> _YOUR OBJECTIVE_
Copy word for word the lines in the records below, starting at the line with "Pinterest and more" and ending at the line with "(10分) 针对李工提出的改进方案,从a~j中分别选出各技术的相关描述和对应常见支持软件填入表5-1中的(1) ~(10)". Skip the pictures.

> _TASK MATERIAL_
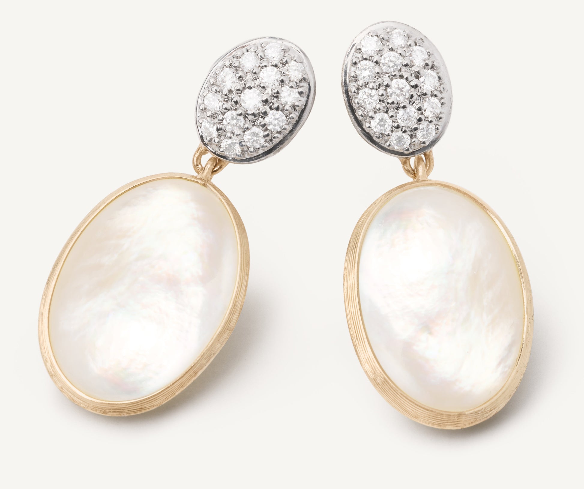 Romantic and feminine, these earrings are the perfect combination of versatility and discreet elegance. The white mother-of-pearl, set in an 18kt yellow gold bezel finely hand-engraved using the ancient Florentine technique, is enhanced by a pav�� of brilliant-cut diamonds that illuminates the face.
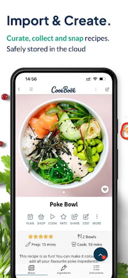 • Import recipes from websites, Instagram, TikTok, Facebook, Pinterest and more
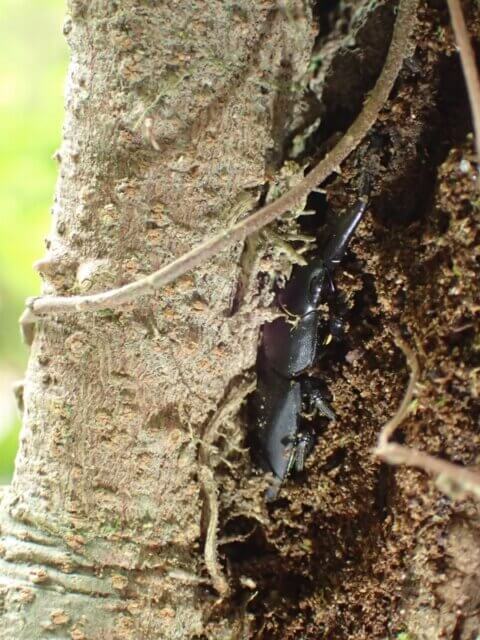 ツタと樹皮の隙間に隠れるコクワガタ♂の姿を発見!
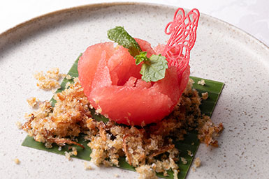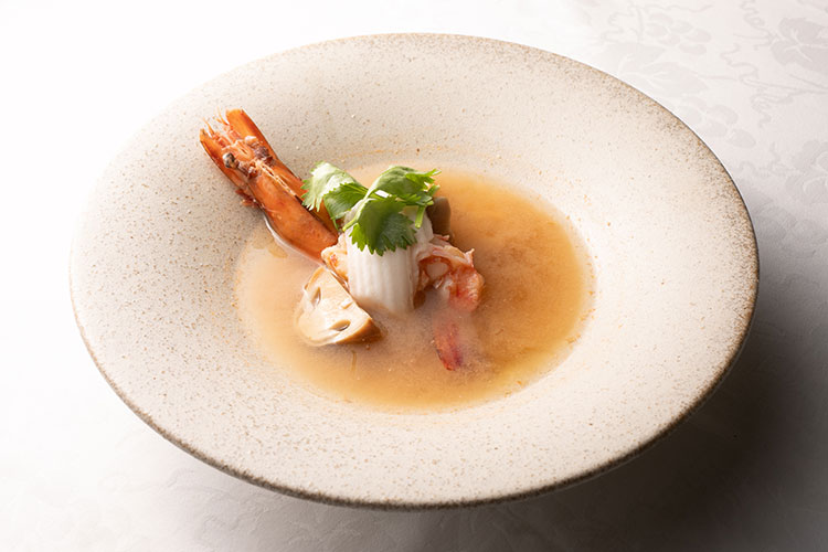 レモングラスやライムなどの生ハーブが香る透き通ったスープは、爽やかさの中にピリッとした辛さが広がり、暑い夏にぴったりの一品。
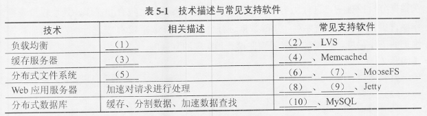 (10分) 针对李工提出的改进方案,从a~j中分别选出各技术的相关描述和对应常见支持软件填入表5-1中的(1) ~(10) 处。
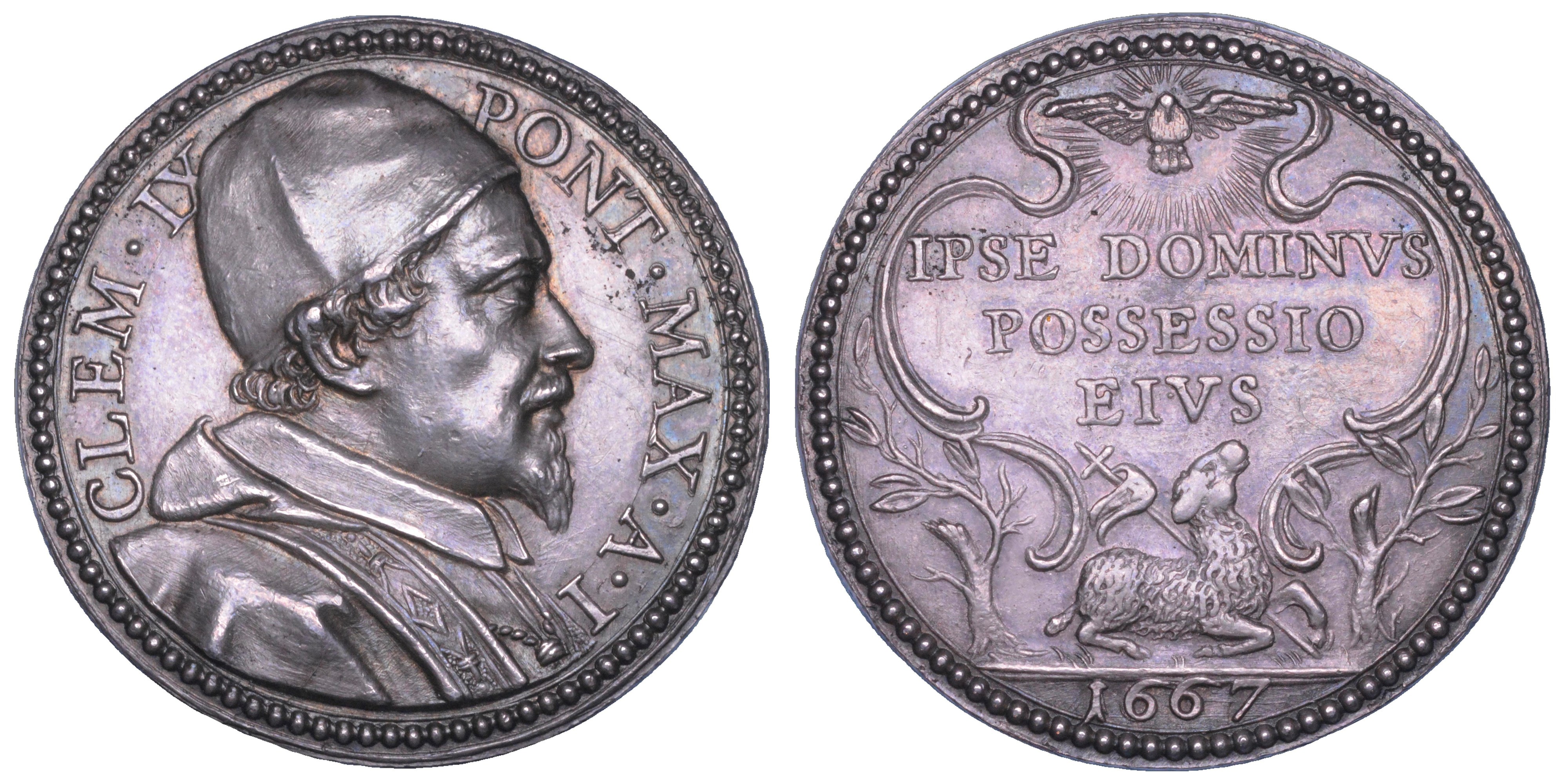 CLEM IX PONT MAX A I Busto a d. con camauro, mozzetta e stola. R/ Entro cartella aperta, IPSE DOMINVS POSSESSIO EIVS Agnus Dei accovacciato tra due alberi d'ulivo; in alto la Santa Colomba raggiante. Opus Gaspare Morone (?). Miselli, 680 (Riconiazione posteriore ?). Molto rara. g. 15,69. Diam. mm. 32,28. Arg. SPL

...

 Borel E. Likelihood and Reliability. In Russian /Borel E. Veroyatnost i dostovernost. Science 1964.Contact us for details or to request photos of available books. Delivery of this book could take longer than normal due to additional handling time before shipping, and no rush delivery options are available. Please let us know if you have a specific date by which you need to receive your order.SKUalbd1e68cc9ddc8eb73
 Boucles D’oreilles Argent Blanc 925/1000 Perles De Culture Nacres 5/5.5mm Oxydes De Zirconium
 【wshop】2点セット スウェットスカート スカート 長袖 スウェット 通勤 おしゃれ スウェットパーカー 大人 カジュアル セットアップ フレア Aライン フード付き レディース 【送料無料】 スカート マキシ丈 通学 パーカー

> _EXPECTED ANSWER_
 • Import recipes from websites, Instagram, TikTok, Facebook, Pinterest and more
 ツタと樹皮の隙間に隠れるコクワガタ♂の姿を発見!
 レモングラスやライムなどの生ハーブが香る透き通ったスープは、爽やかさの中にピリッとした辛さが広がり、暑い夏にぴったりの一品。
 (10分) 针对李工提出的改进方案,从a~j中分别选出各技术的相关描述和对应常见支持软件填入表5-1中的(1) ~(10) 处。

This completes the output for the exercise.